Bioinformatics, 2011, 27(11):1575-1577.
Available at: https://doi.org/10.1093/bioinformatics/btr168
Building Blocks used:
prody_anm from biobb_flexdyn.flexdyn.prody_anm
from biobb_flexdyn.flexdyn.prody_anm import prody_anm
prody_ensemble = pdbCode + "_prody_anm_traj.pdb"
prop = {
'selection' : 'backbone',
'num_structs' : num_frames,
'rmsd' : 2.0
}
prody_anm( input_pdb_path=monomer,
output_pdb_path=prody_ensemble,
properties=prop)
RMSd distribution of the generated ensemble
Building Blocks used:
cpptraj_rms from biobb_analysis.ambertools.cpptraj_rms
from biobb_analysis.ambertools.cpptraj_rms import cpptraj_rms
prody_rmsd = pdbCode + "_prody_rmsd.dat"
prop = {
'start': 1,
'end': -1,
'steps': 1,
'mask': 'c-alpha',
'reference': 'experimental'
}
cpptraj_rms(input_top_path=prody_ensemble,
input_traj_path=prody_ensemble,
output_cpptraj_path=prody_rmsd,
input_exp_path= monomer,
properties=prop)
Visualizing the RMSd distribution
df = pd.read_csv(prody_rmsd, header = 0, delimiter='\s+')
# Create a histogram plot
fig = go.Figure(data=[go.Histogram(x=df['RMSD_00004'], xbins=dict(size=0.04), autobinx=False)])
# Update layout
fig.update_layout(title="RMSd variance",
xaxis_title="RMSd (Ångstroms)",
yaxis_title="Population",
height=600)
# Show the figure (renderer changes for colab and jupyter)

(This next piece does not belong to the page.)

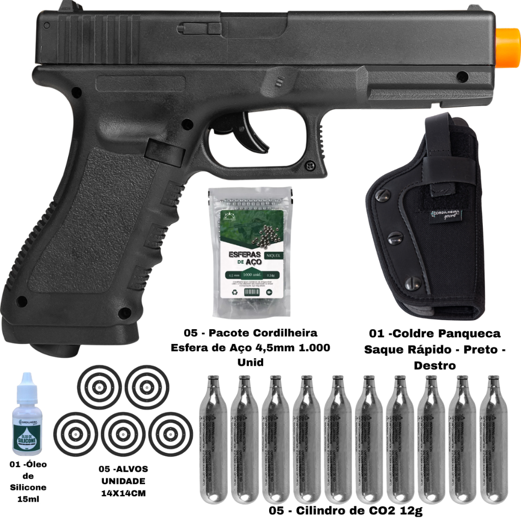 LOJA CORDILHEIRA SPORT! Pistola Rossi G17 CO2 4,5mm + Escolha seu Kit! Descrição: Oferece potência, precisão e realismo para treino e lazer. Fabricada com acabamento robusto, utiliza cápsulas de CO₂ para garantir disparos consistentes e alta velocidade. Seu design ergonômico proporciona excelente pegada, enquanto o sistema sem recuo reduz vibrações e aumenta a precisão. Uma escolha confiável para quem busca desempenho e durabilidade no tiro esportivo. Características: Marca: Rossi Tipo de ação: CO2 Calibre: 4.5mm Modo de Disparo: Repetição Manual Engatilhamento: Ação Dupla Munição utilizada - ESFERA DE AÇO Velocidade máxima (m/s) - 145 M/S Peso munição referência velocidade (g) - 0,34 G Energia (joule) - 3,5 JOULE Peso do produto - 450 G Comprimento do produto - 205 MM Material do produto - POLÍMERO Cano (comprimento) - 128 MM Cano (acabamento) - METAL Capacidade de munição - 18 Trava de segurança - NÃO POSSUI Alça de mira - FIXA Fibra óptica - NÃO POSSUI Massa de mira - FIXA Trilho (tipo) - PICATINNY Trilho (tamanho) - 22 MM Blowback - NÃO POSSUI Ferrolho - FIXO Autonomia de disparos por cápsula de co2 - 100 Velocidade máxima (fps) - 475 FPS Peso munição referência velocidade (grai - 5,24 GRAIN) Indicação de uso - RECREAÇÃO OBS: Para acessar o manual basta acessar o QR CODE na caixa do produto Itens Inclusos: 01 Pistola Rossi G17 CO2 4,5mm 01 Chave Allen Escolha seu KIT: KIT 0: 1.000 Esferas de aço 4,5mm / 05 CO2 / 05 Alvos / 01 Silicone KIT 1: 1.000 Esferas de aço 4,5mm / 10 CO2 / 01 Coldre Panqueca Saque Rápido Preto / 05 Alvos /01 Silicone KIT 2: 1.000 Esferas de aço 4,5mm / 10 CO2 / 01 Maleta /05 Alvos /01 Silicone KIT 3: 1.000 Esferas de aço 4,5mm / 05 CO2 / 01 Maleta / 01 Coldre Panqueca Saque Rápido Preto / 05 Alvos / 01 Silicone Garantia: 3 Meses pelo Fabricante. NÃO NECESSITA CR PARA COMPRA! ATENÇÃO!!! O USO DO PRODUTO EXIGE TREINAMENTO E EQUILÍBRIO EMOCIONAL. DEVERÁ SER GUARDADO EM LUGAR SEGURO E FORA DO ALCANCE DE TERCEIROS. Importante: Estes produtos não necessitam de guia de tráfego para transporte e deslocamento. O Transporte do equipamento deve ser feito dentro da caixa /maleta/ Case, deve estar desmuniciado e com a nota fiscal. Produto destinado para maiores de 18 anos Todos os produtos anunciados estão em estoque a pronta entrega. Só comercializamos produtos NOVOS e com NOTA FISCAL em nome do comprador e com garantia. Prezamos muito o nosso comprometimento com o cliente, todas as perguntas são respondidas o mais rápido possível. COMPRANDO MAIS ITENS DA LOJA VOCÊ TEM DESCONTO NO FRETE!!! VER TODOS OS PRODUTOS DA LOJA EM: “VER MAIS ANÚNCIOS DO VENDEDOR” OU “PERFIL DA LOJA”

rend = 'colab' if 'google.colab' in sys.modules else ''
fig.show(renderer=rend)
Converting the generated ensemble (for visualization purposes)
Building Blocks used:
cpptraj_convert from biobb_analysis.ambertools.cpptraj_convert
from biobb_analysis.ambertools.cpptraj_convert import cpptraj_convert
prody_trr = pdbCode + "_prody_anm_traj.trr"
prop = {
'mask' : 'c-alpha',
'format': 'trr'
}
cpptraj_convert(input_top_path=prot_backbone,
input_traj_path=prody_ensemble,
output_cpptraj_path=prody_trr,
properties=prop)
Visualizing the generated ensemble (as a trajectory)
# Show trajectory
view = nglview.show_simpletraj(nglview.SimpletrajTrajectory(prody_trr, prot_ca), gui=True)
view.center()
view.add_representation(repr_type='ball+stick', selection='all')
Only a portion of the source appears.